(Assignment): From the line containing "длины бочки, мм;" to the final line of the material below, return every line exactly. Do not include pictures.

(Recorded data):
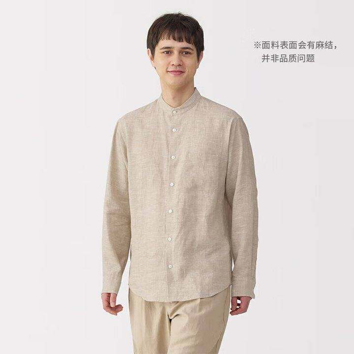无印良品 MUJI 男式汉麻水洗立领长袖衬衫男士夏季衬衣外套男装
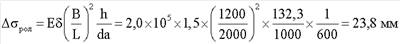 где  * – разница между удельными напряжениями в середине и на краю полосы, положительная при форме эпюры напряжений, способствующей волнистости полосы, и отрицательная при форме эпюры напряжений, способствующей коробоватости, МПа; K – коэффициент ослабления неравномерности по принципу Сен-Венана; Е – модуль упругости материала полосы, МПа; L – длина бочки профилированных роликов, мм; В – ширина полосы, мм; d – расстояние между осями профилированных роликов и отклоняющих роликов, мм; а – расстояние между осями рабочих валков и профилированных роликов, составляющее не более половины длины бочки, мм;
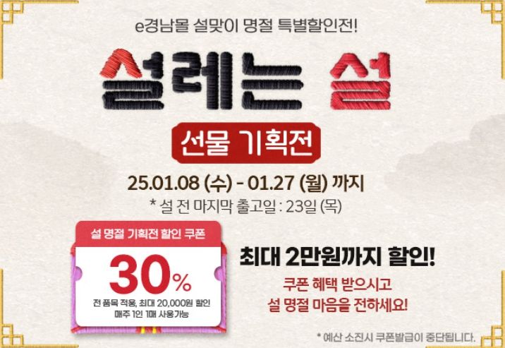 이번 설 기획전에는 도내에서 생산된 쌀, 떡, 차, 김, 달걀, 한우, 전통주 등 e경남몰에 입점 중인 다양한 상품과 선물 세트를 준비했으며, 30% 할인쿠폰(최대 2만 원)을 발행한다.

(Task solution):
 где  * – разница между удельными напряжениями в середине и на краю полосы, положительная при форме эпюры напряжений, способствующей волнистости полосы, и отрицательная при форме эпюры напряжений, способствующей коробоватости, МПа; K – коэффициент ослабления неравномерности по принципу Сен-Венана; Е – модуль упругости материала полосы, МПа; L – длина бочки профилированных роликов, мм; В – ширина полосы, мм; d – расстояние между осями профилированных роликов и отклоняющих роликов, мм; а – расстояние между осями рабочих валков и профилированных роликов, составляющее не более половины длины бочки, мм;
 이번 설 기획전에는 도내에서 생산된 쌀, 떡, 차, 김, 달걀, 한우, 전통주 등 e경남몰에 입점 중인 다양한 상품과 선물 세트를 준비했으며, 30% 할인쿠폰(최대 2만 원)을 발행한다.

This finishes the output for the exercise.